Authentication for Minecraft¶
This article contains the information on authentication in Minecraft launchers and servers using the Ely.by authorization service.
The authentication protocol is implemented as similar as possible to the original Mojang authentication protocol, but nevertheless this documentation describes all available functions specifically of the Ely.by authentication service.
General Provisions¶
All requests must be made at URL https://authserver.ely.by.
If the request is successful, the server will return a response with status code 200. Any other code indicates an error.
The server always responds with JSON data, except for system errors and responses to legacy requests.
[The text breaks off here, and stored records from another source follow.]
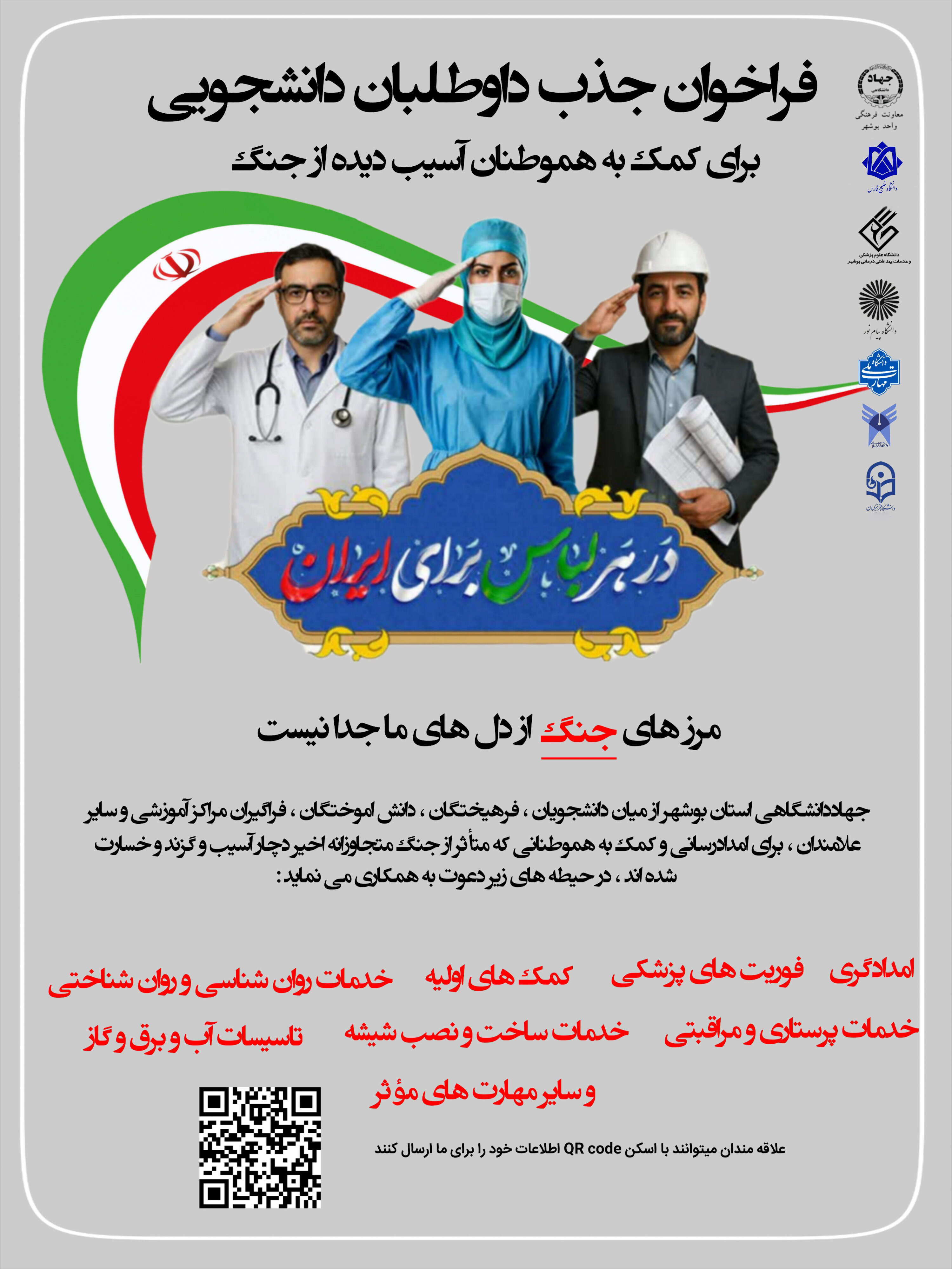 فراخوان جذب داوطلبان برای کمک به آسیبدیدگان جنگ رمضان در بوشهر
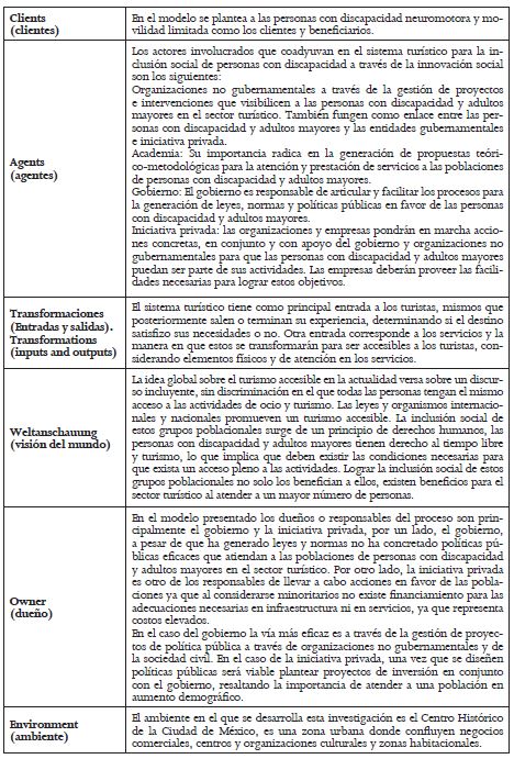 El modelo del sistema turístico planteado pretende identificar elementos donde se puedan generar procesos de innovación social y coadyuvar a la inclusión de las personas con discapacidad en el sistema turístico del Centro Histórico de la Ciudad de México.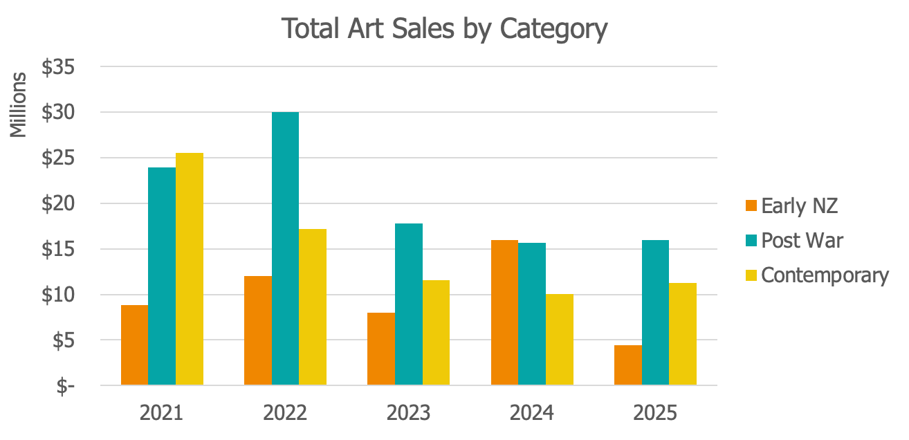 The category’s challenge is concentration. A small number of artists drive the majority of value, with Goldie dominant alongside Gottfried Lindauer and Frances Hodgkins. Without results from these three artists, overall results are materially affected.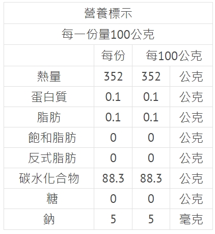 - 絕無摻雜任何澱粉類食品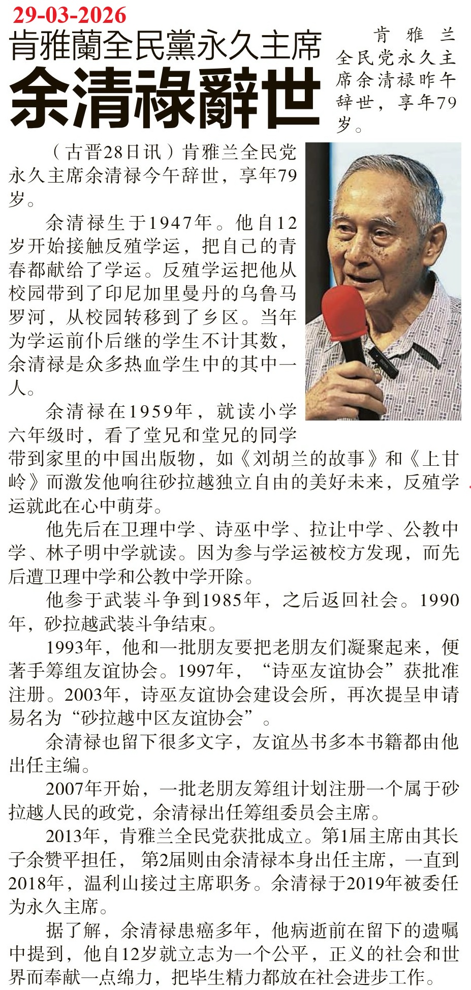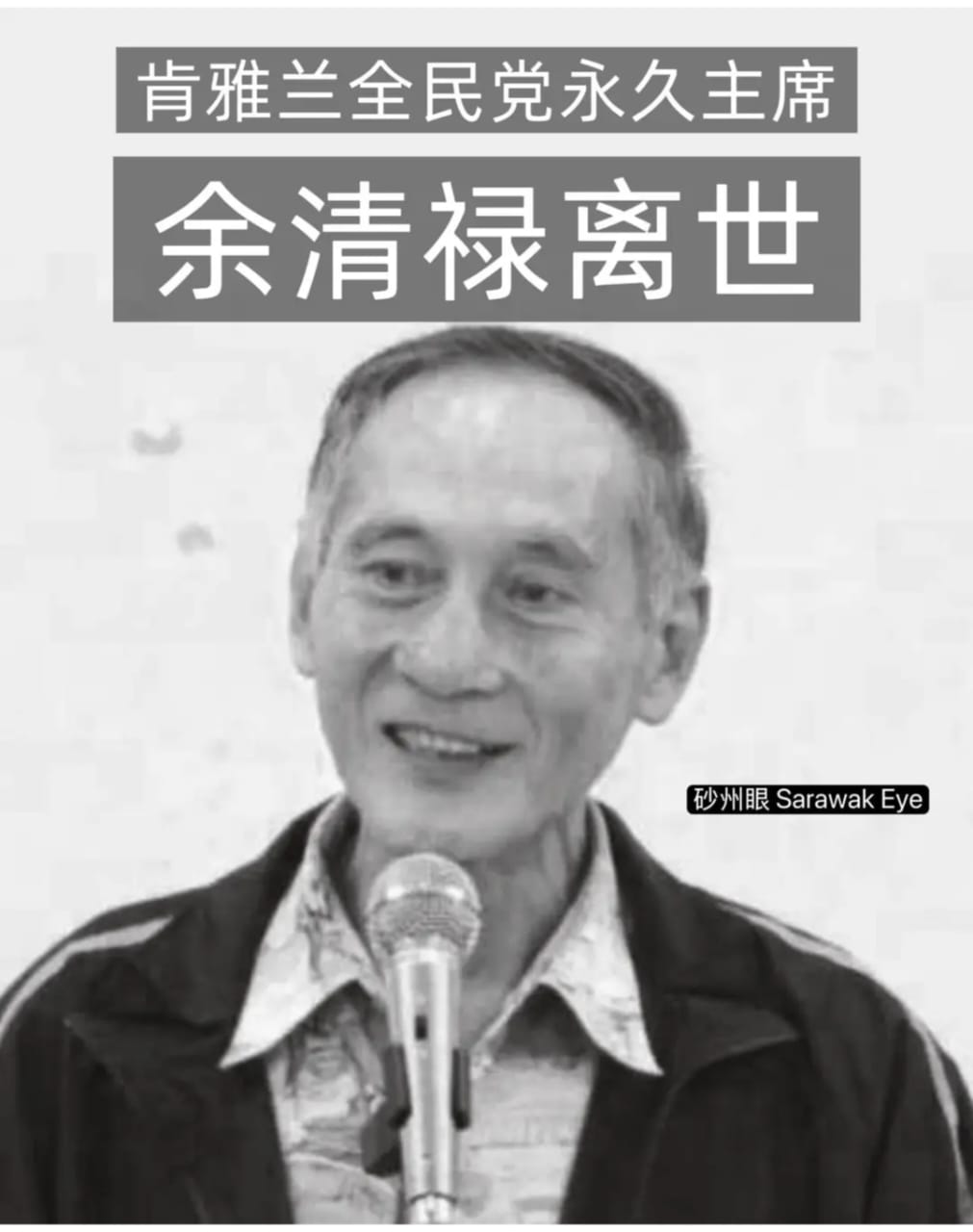 古晋28日讯,肯雅兰全民党永久主席余清禄今午辞世,享年79岁。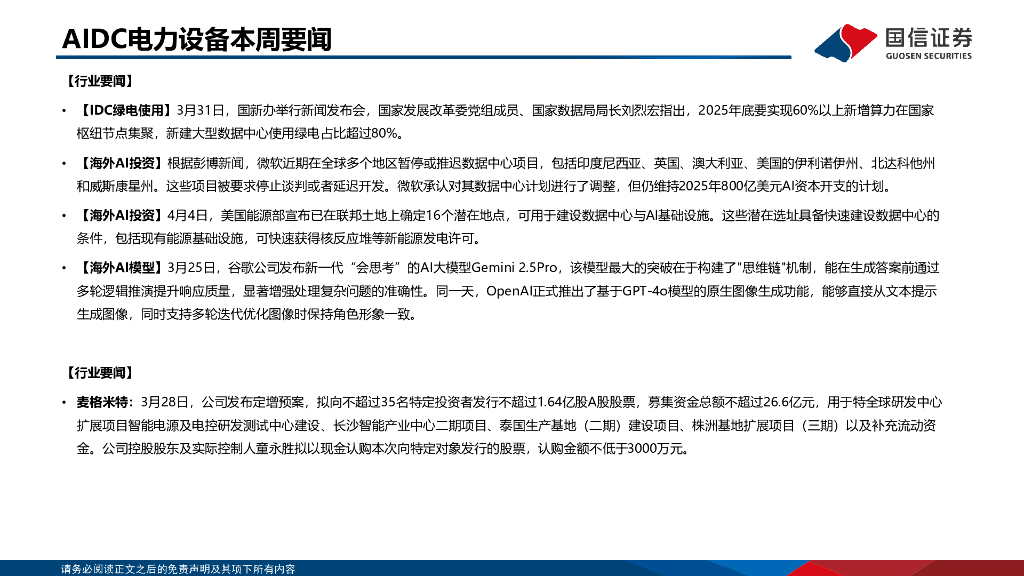 国信证券:AIDC电力设备/电网产业链周评(4月第1周):电价市场化改革持续推进,电网投资内需保持强劲.pdf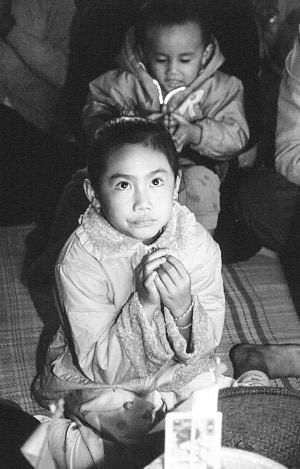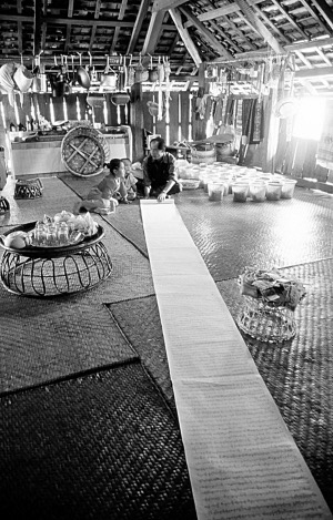 這時,走來一個大佛爺和兩個老人,因?yàn)榉鹱娌粫_口說話,他們是來替佛祖給玉波念“薩拉帥”祝詞的。先由大佛爺念了一段《祝福經(jīng)》,給玉波滴了水,然后兩個老人打開玉波那寬半尺、長足有7米多的“薩拉帥”祝詞。玉金說,這祝詞是請曼降村的前大佛爺康朗寫的(康朗:指佛爺還俗的人)。來倆個老人念,是考慮到可以換著念。玉波的奶奶也想到了玉波可能跪不習(xí)慣,就帶來了墊子,讓玉波或跪或坐,因?yàn)槟钔曜T~要兩三個小時。祝詞的內(nèi)容大致是這樣的:“我是一個在菩提樹下長大的女孩,在佛祖的護(hù)蔭下,臉長得像菩提樹葉一樣又嫩又青,身材像檳榔樹一樣苗條好看,心像金鹿一樣善良。當(dāng)我年滿12歲以后,人世間的喜樂情愛,貧窮苦難就會來到我的面前。今天在父母的幫助下,我準(zhǔn)備了這些物品來賧給佛祖。我千祈禱萬祈求,希望佛祖保佑我織布是行家,丈夫種田是能手。命里見火能親,遇水能溶。生的孩子女的長得像一只蜜蜂,男的長得像一頭水牛,用他們的勤勞贍養(yǎng)雙親。從小就聽話,自幼就很乖。在母親的懷里不亂哭,在父親的背上不亂搓……”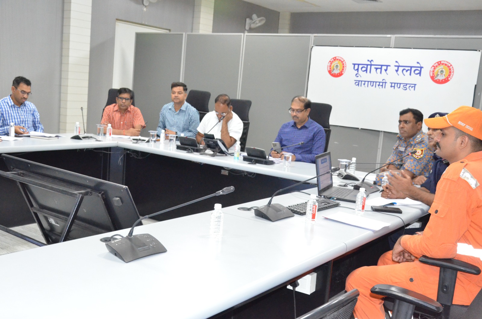 मंडल कार्यालय के भारतेन्दु सभा कक्ष में 03 नवम्बर 23, 11 वीं वाहिनी राष्ट्रीय आपदा मोचन बल ( NDRF) वाराणसी के साथ संरक्षा बैठक का आयोजन किया गया । इस बैठक में वाराणसी मंडल पर मॉक एक्सरसाइज करके प्रतिक्रिया तंत्र की जांच करने और प्रतिकूल स्थिति में बचाव कार्यवाही को परखने तथा हित धारकों के बीच समन्वय बनाने एवं उपचारात्मक उपाय करके संसाधनों की दक्षता की जाँच करने के उद्देश्य से मऊ कोचिंग डिपो यार्ड में NDRF के साथ 6 नवम्बर 2023, सोमवार को फुल स्केल माकड्रिल करने की योजना बनाई गई है।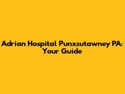Adrian Hospital Punxsutawney PA: Your Guide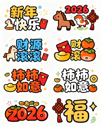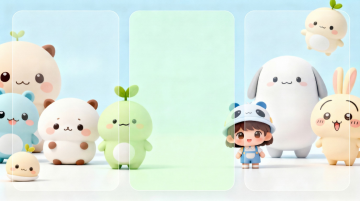 6个不同配色、不同样式的卡通素材,保持Q版可爱风格,圆润线条,简洁色块,明亮柔和色彩,白色背景,排列整齐,每个卡通形象独立清晰,无重叠,统一视觉风格,适合作为素材使用。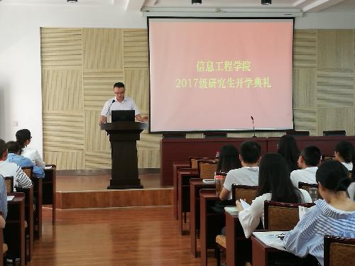 院长蔡骋发表了热情洋溢的讲话,他首先代表学院党政领导和全体师生员工向2017级研究生新生表示衷心的祝贺和热烈的欢迎,接着又为全体新生做了精彩的迎新致辞,从学校资源、导师资源、社会资源和个人成长四个方面着手,希望研究生充分利用学校的教育平台,做好规划、目标明确、严谨诚信、实事求是、开拓创新、不断进步。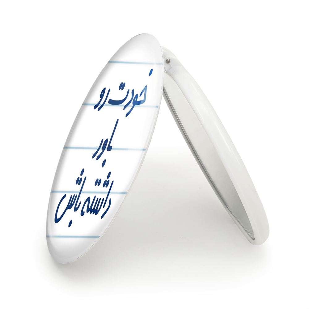 آینه های تاشو خودت رو باور داشته باش خندالو، از جنس پلاستیک فشرده ABS تولید شده و به رنگ سفید می باشد. یکی از آینه ها ابعاد واقعی را نشان داده و دیگری با قابلیت بزرگنمایی، جزئیات را بهتر نمایش می دهد. ابعاد هر یک از آینه ها، دایره ای به قطر 7.5 سانت می باشد که نه خیلی بزرگ و غیر قابل استفاده در کیف آرایشی ست و نه خیلی کوچک که تصویر خاصی در آن مشاهده نشود. آینه تاشو خودت رو باور داشته باش سایزی استاندارد و کارآمد دارد و در هر کیفی جا میگیرد. چاپ طرح بوسیله چاپگرهای دیجیتال شش رنگ با شفافیت و کیفیتی مثال زدنی بر روی یک وجه از بدنه ی آینه انجام گرفته و با روکش لمینت حرارتی پوشیده شده که در مقابل آسیب و خط و خش مقاوم بوده و کیفیت بالایی دارد. درب آینه بوسیله قفل بدنه ی آن، باز نمی ماند و کاملا بسته می شود و مناسب قرار گیری در کیف لوازم آرایش و کیف های کوچک دستی نیز هست. آینه های تاشو خودت رو باور داشته باش خندالو با تنوع طرحی بسیار بالا، سلیقه هر نوع مخاطبی را تامین میکند.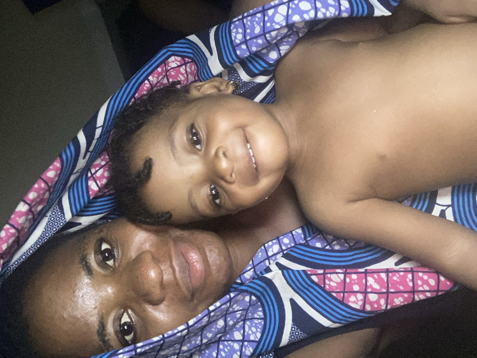 - "A woman and a child are lying together under a vibrant blue, pink, and white patterned cloth" by FM-4e3eB3, licensed under CC BY 4.0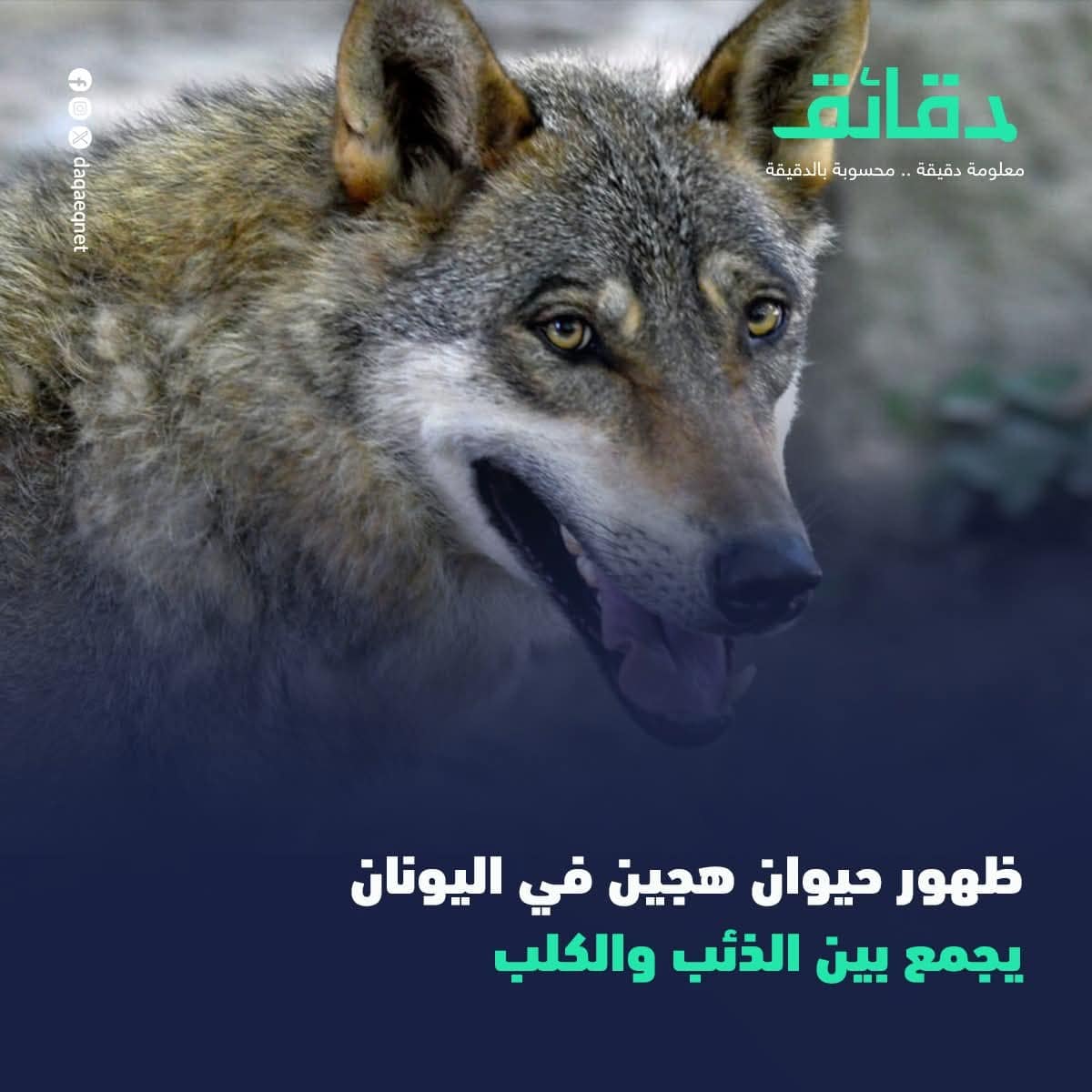🐺🐶 أعلنت منظمة “كاليستو” للحياة البرية عن أول حالة مؤكدة في #اليونان لحيوان هجين يجمع بين #الذئب و #الكلب، بعد تحليل جيني أظهر أن تركيبه الوراثي يتكون من 45٪ ذئب و55٪ كلب.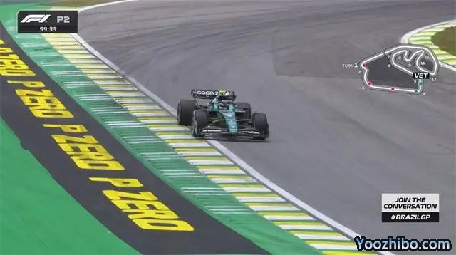 F1巴西大奖赛的二练在干地状态下进行,阿斯顿马丁车队的维特尔率先驶入了赛道。
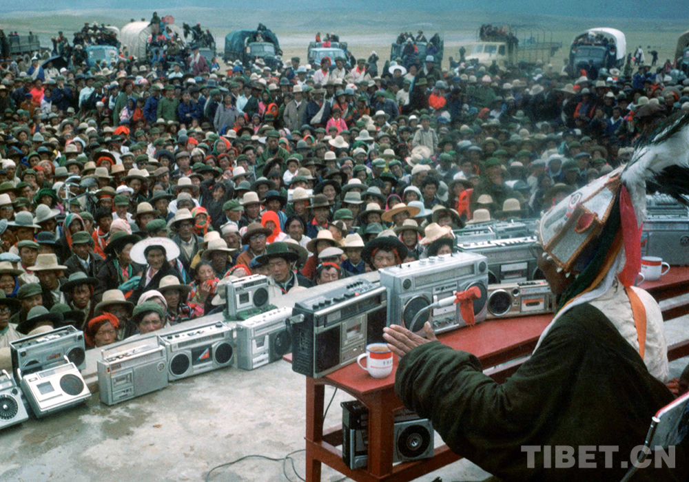 图为说唱艺人阿达在那曲赛马会上说唱《格萨尔》的传奇故事,台上摆满了牧民群众的各式录音机(唐召明提供,才龙1987年前后摄)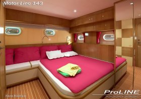 The engine room contains in standard version the main engine VOLVO PENTA TAMD41H with power of 146 Hp, diesel generator set with power up to 16 kW and all necessary equipment for operation of ship systems. The built-in fuel tanks are also here. The boat can be equipped with climate control system by Customer wish.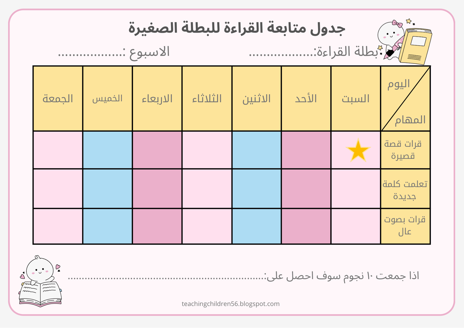 • ✅ جدول متابعة القراءة اليومي: مصمم بألوان مبهجة لتعزيز عادة القراءة وتتبع الكلمات الجديدة التي يتعلمها طفلك كل يوم.

Take this into account to display the correct error message to the user.
In the case of a standard error, you will receive the following data:
{ "error": "Краткое описание ошибки", "errorMessage": "Более длинное описание ошибки на английском языке, пригодное для отображения пользователю." }
Expected errors¶
In contrast to the original protocol, a smaller range of errors is used in Ely:
Error |
Reason |
Solution |
|---|---|---|
IllegalArgumentException |
You passed an incomplete list of data to execute the request. |
Carefully double-check what you send in the request and what is in the documentation. |
ForbiddenOperationException |
User entered/developer sent incorrect values. |
You need to display a notification to the user about incorrectly entered data. |
A 404 status response is used to indicate a Not Found error.
Authentication in the launcher¶
This section describes authentication for the game launcher and describes the steps required to obtain an accessToken for the Minecraft game client. The authentication will result in a JWT token with minecraft_server_session access rights being received.
Attention
We recommend using the OAuth 2.0 authentication protocol and requesting minecraft_server_session access rights as that is a more secure and user-friendly method.
-
POST /auth/authenticate Direct authentication of the user using their login (username or E-mail), password and two-factor authentication token.
- Parameters
username (string) – User’s nickname or their E-mail (preferable).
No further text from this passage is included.